How reading online changes attention
According to Julie Coiro, a reading researcher at the University of Rhode Island, moving from digital to paper and back again is only a piece of the attention puzzle: the larger and more pressing issue is how reading online is taxing kids’ attention. Online reading, Coiro noticed, complicates the comprehension process “a million-fold.”
As more and more of kids’ reading takes place online, especially for schoolwork, Coiro has been studying how kids’ brains have had to adjust. Her research, conducted on middle- and high school students as well as college students, shows that reading online requires more attention than reading a paper book. Every single action a student takes online offers multiple choices, requiring an astounding amount of self-regulation to both find and understand needed information.
Each time a student reads online content, Coiro said, they are faced with almost limitless input and decisions, including images, video and multiple hyperlinks that lead to even more information. As kids navigate a website, they must constantly ask themselves: is this the information I’m looking for? What if I click on one of the many links, will that get me closer or farther away from what I need? This process doesn’t happen automatically, she said, but the brain must work to make each choice a wise one.
“It used to be that there was a pre-reading, the reading itself, and the evaluation at the end of your chapter or at the end of a book,” Coiro said. “Now that process happens repeatedly in about 4 seconds: I choose a link. I decide whether I want to be here/I don’t want to be here, and then, where should I go next?”
In one of Coiro’s studies of middle schoolers, she found that good readers on paper weren’t necessarily good readers online. The ability to generate search terms, evaluate the information and integrate ideas from multiple sources and media makes online reading comprehension, she argues, a critical set of skills that builds on those required to read a physical book.
“We make the assumption that we’re going to keep them safe and protected if we have kids read mostly in the print world,” Coiro said. “And if they’re good readers in that world, they’re just going to naturally be a good reader in a complex online world. That’s so not the case.”
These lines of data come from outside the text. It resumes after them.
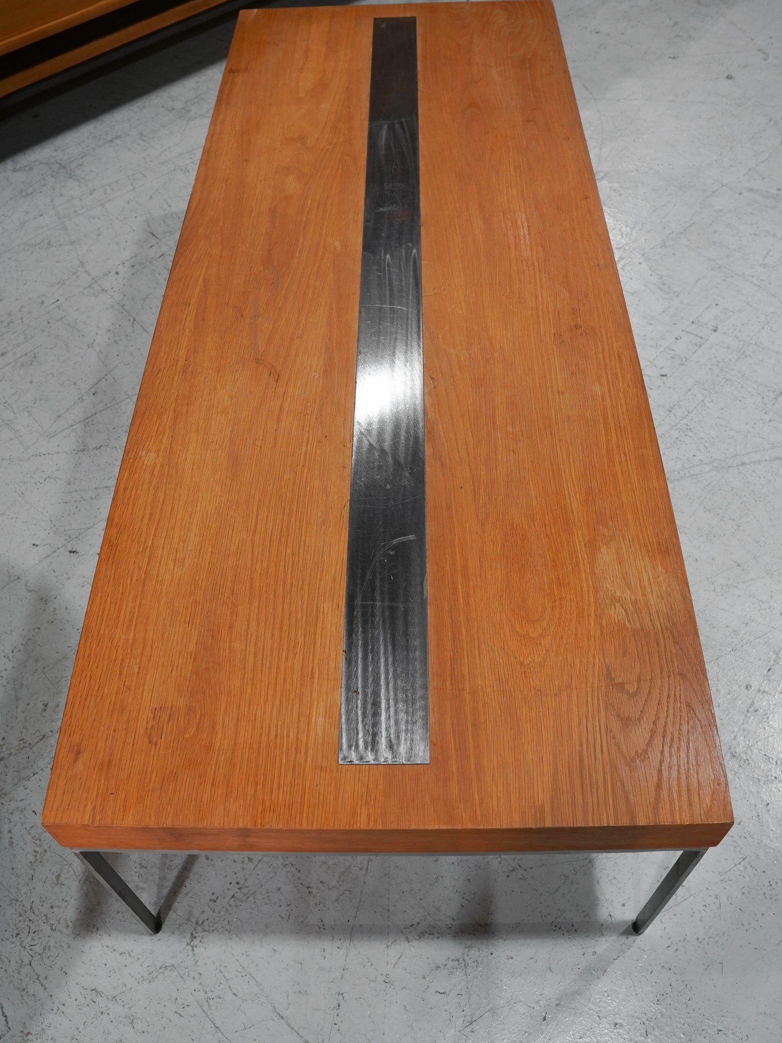 深みのある飴色に育ったチーク材の美しさが際立つ、ワイドなコーヒーテーブルです。
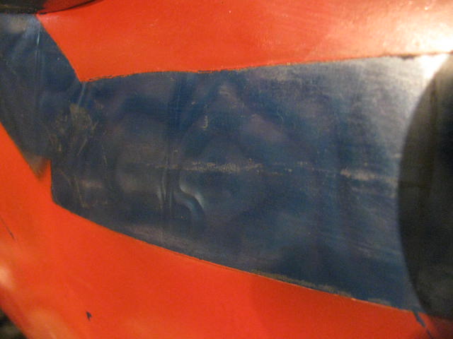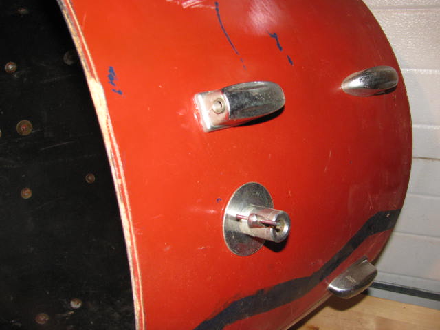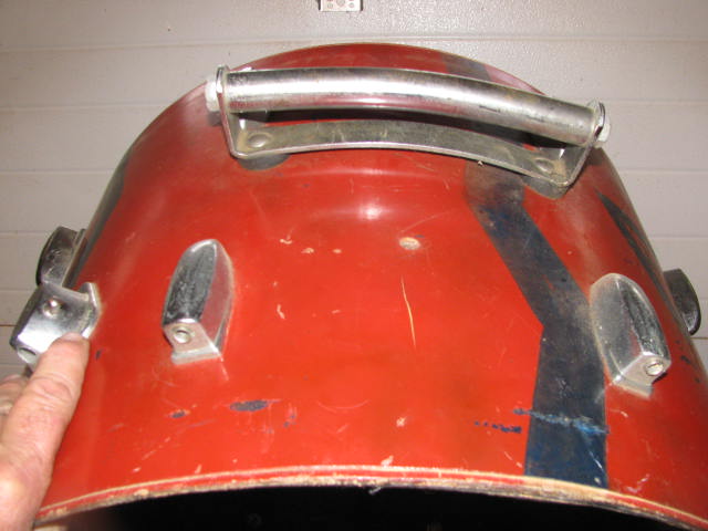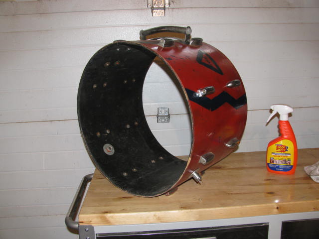 This 20" bass drum shell came with a 1969 luddy standard 5 piece I got at a garage sale a few weeks ago. The guy said its Slingerland. Someone painted it red and taped off some squiggly stripes, and you can see the original finish on the stripes. It has no badge and one crack in the wrap on the very top. The interior is black.
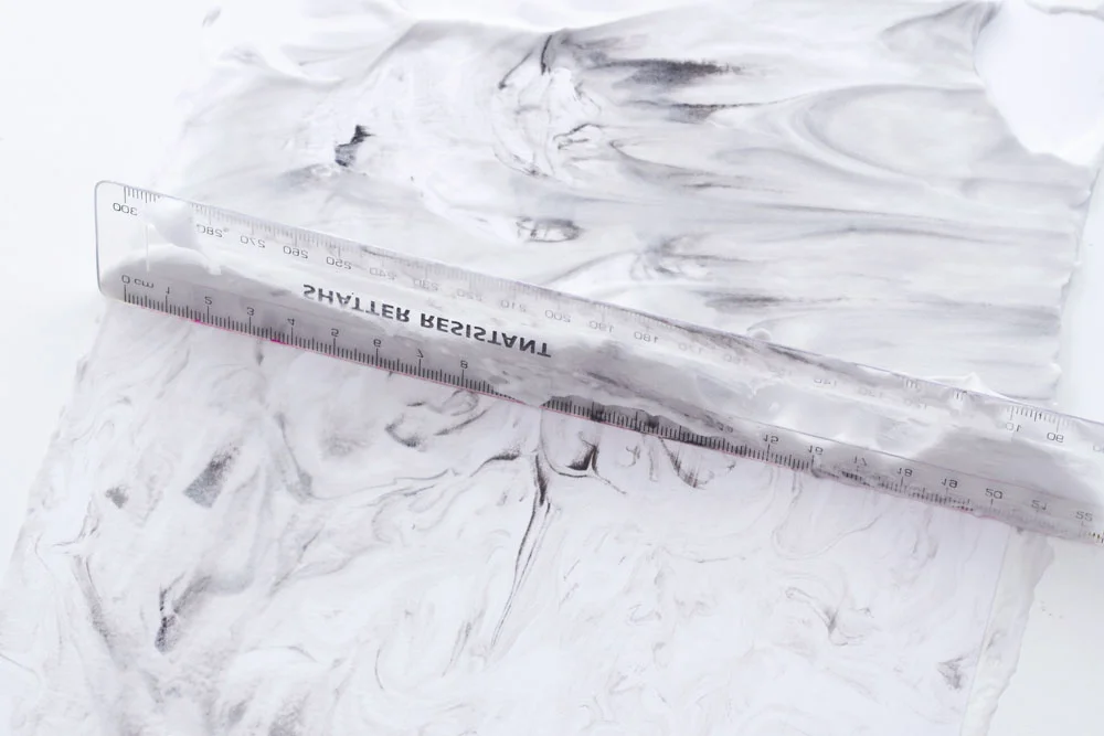 Place a piece of thick white paper on top of the marbled shaving foam in the tray and gently push down to ensure the foam covers the whole surface of the paper. Remove the paper from the tray and use the ruler or scraping stick to scrape off all of the excess shaving foam. This should leave a marbled effect from the paint on the paper!
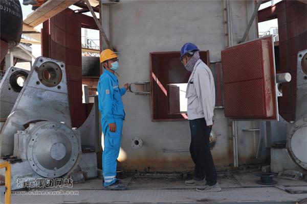 錢(qián)宣紅(左一)與監(jiān)理檢查原料磨安裝質(zhì)量
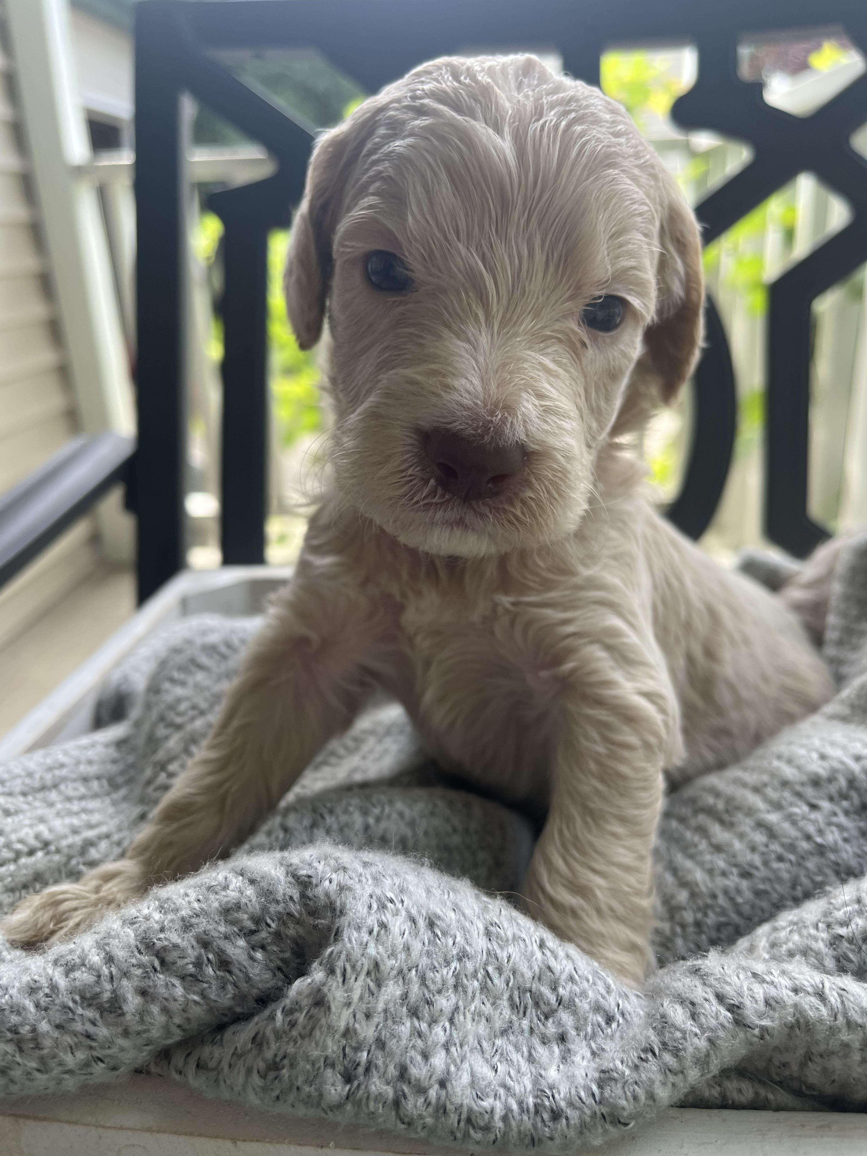 FYNN is a male Labradoodle. Carefully selected as a great representative of his breed, Jennifer decided to make him part of their program. Jennifer has passed Good Dog’s screening process, which involved a review of their breeding practices, environment, and the mental and physical health of their dogs.
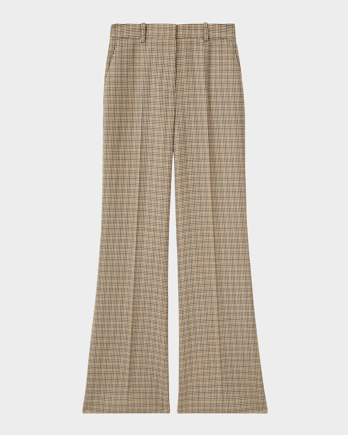 Reiss "Vida" trousers in houndstooth check Midrise sits high on the hips Flat front Side slant pockets Back welt pockets Full length Wide legs Hookandbar/zip fly; belt loops Wool Unlined Dry clean Imported
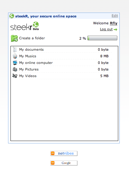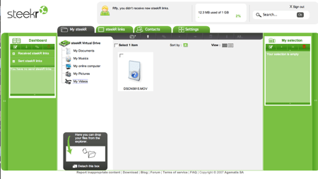 En fait quand je parlais que 1go me suffisait, c’est que je me sert de steekr comme un espace de stockage de transition… C’est-? -dire que plutôt que de ramener des fichier de mon taf ? mon domicile sur une clé USB ou autre DD externe, je me sert de Steekr, voili voilou ! 🙂 C’est plus rapide… Franchement, en imaginant un espace de 500go, voir même illimité, vous iriez y déposer l’intégralité de vos photos, vidéos, fichiers importants…etc…sans sauvegarde sur vos DD persos ??? Par exemple, j’ai beau avoir un compte Pro Flickr, toutes les photos que j’uploade restent également sur mon dur. Manque de confiance dans la technologie moi ? nooon!
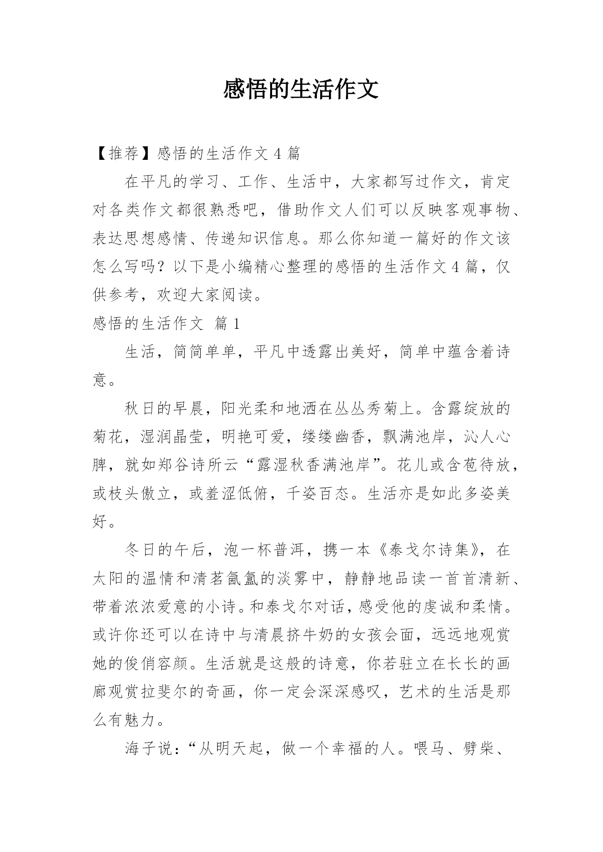 感悟的生活作文【推荐】感悟的生活作文4篇在平凡的学习、工作、生活中,大家都写过作文,肯定对各类作文都很熟悉吧,借助作文人们可以反映客观事物、表达思想感情、传递知识信息。那么你知道一篇好的作文该怎么写吗?以下是小编精心整理的感悟的生活作文4篇,仅供参考,欢迎大家阅读。感悟的生活作文篇1生活,简简单单,平凡中透露出美好,简单中蕴含着诗意。秋日的早晨,阳光柔和地洒在丛丛秀菊上。含露绽放的菊花,湿润晶莹,明艳可爱,缕缕幽香,飘满池岸,沁人心脾,就如郑谷诗所云“露湿秋香满池岸”。花儿或含苞待放,或枝头傲立,或羞涩低
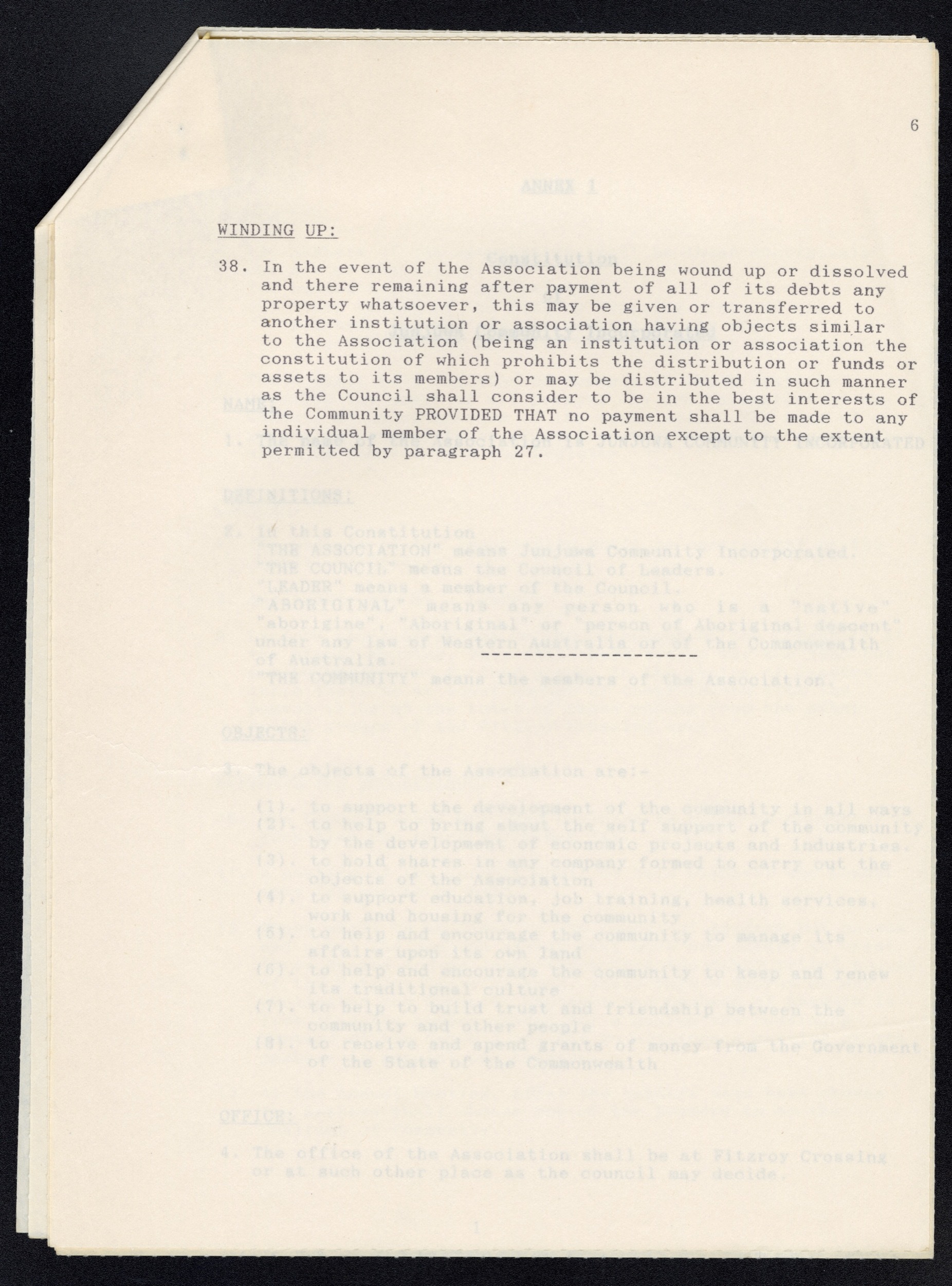 Quote this document [accessed: 2026/4/29]. "Constitution of Junjuwa Community Incorporated" (Object Id: 314600). In Constitution of Junjuwa Community Incorporated. ODSAS: https://www.odsas.net/object/314600.
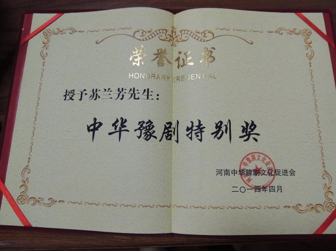 2014年4月10日晚,“千树万树梨花开——第三届中国豫剧节闭幕式暨颁奖晚会”在河南电视台1500平方米演播厅举行。苏兰芳先生荣获“中华豫剧特别奖”,河南省政协原秘书长、河南中华豫剧文化促进会副会长兼秘书长张秉义为苏兰芳先生颁奖。
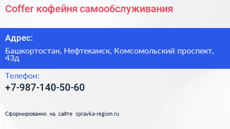 Coffer, кофейня самообслуживания по адресу Башкортостан, Нефтекамск, Комсомольский проспект, 43д в дальнейшем Организация, размещена в следующих категориях:
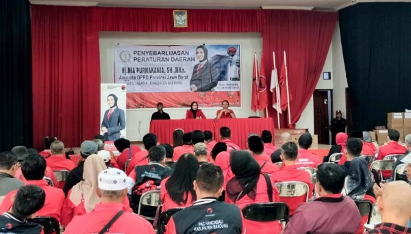 “Kami harus mendorong dan memfasilitasi mereka agar memiliki daya saing,” ujar anggota DPRD Provinsi Jawa Barat Daerah Pemilihan II (Kabupaten Bandung), Hj. Nia Purnakania, S.H., M.Kn, saat Penyebarluasan Peraturan Daerah (Perda) Provinsi Jawa Barat Nomor 15 Tahun 2017 tentang Pengembangan Ekonomi Kreatif, di Aula DPC PDI Perjuangan, Jl. Jaksa Naranata, Kecamatan Baleendah, Kabupaten Bandung, Selasa (25/3/2025).
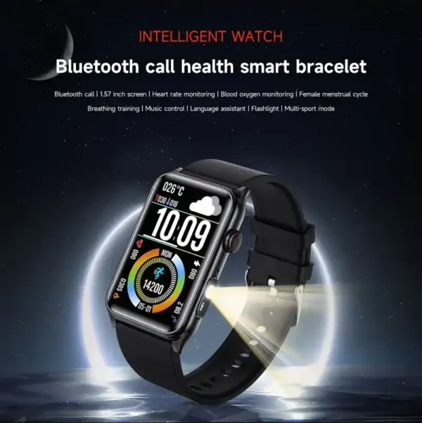 Bluetooth call, A flashlight, non-invasive blood glucose measurement, blood oxygen monitoring, breathing training, Body temperature function,women’s health (menstrual tracking), heart rate monitoring, blood pressure monitoring, sleep monitoring, sedentary reminder and other health functions.

To navigate a new world straddled between digital and physical reading, adults are finding ways to try and balance both. Though there is plenty of distracting media out there vying for kids’ attention, digital reading companies like Epic! are trying to keep the reading experience as close to a real book as possible. Suren Markosian, Epic!’s co-founder and CEO, created the app in part for his own young children. He said they made a conscious choice to keep ads, video content and hyperlinks outside of the book-reading experience. “Once inside a book, you get a full-screen view,” he said. “You are basically committing to reading the book and nothing else.”
Some teachers have taken a more aggressive approach toward making space for reading, taking Willingham’s advice to talk to students head-on about putting down digital devices. Jarred Amato, a high school ELA teacher in Nashville, Tennessee, created a 24-hour digital cleanse for his freshman to crack the surface of what he calls their “smartphone addiction.”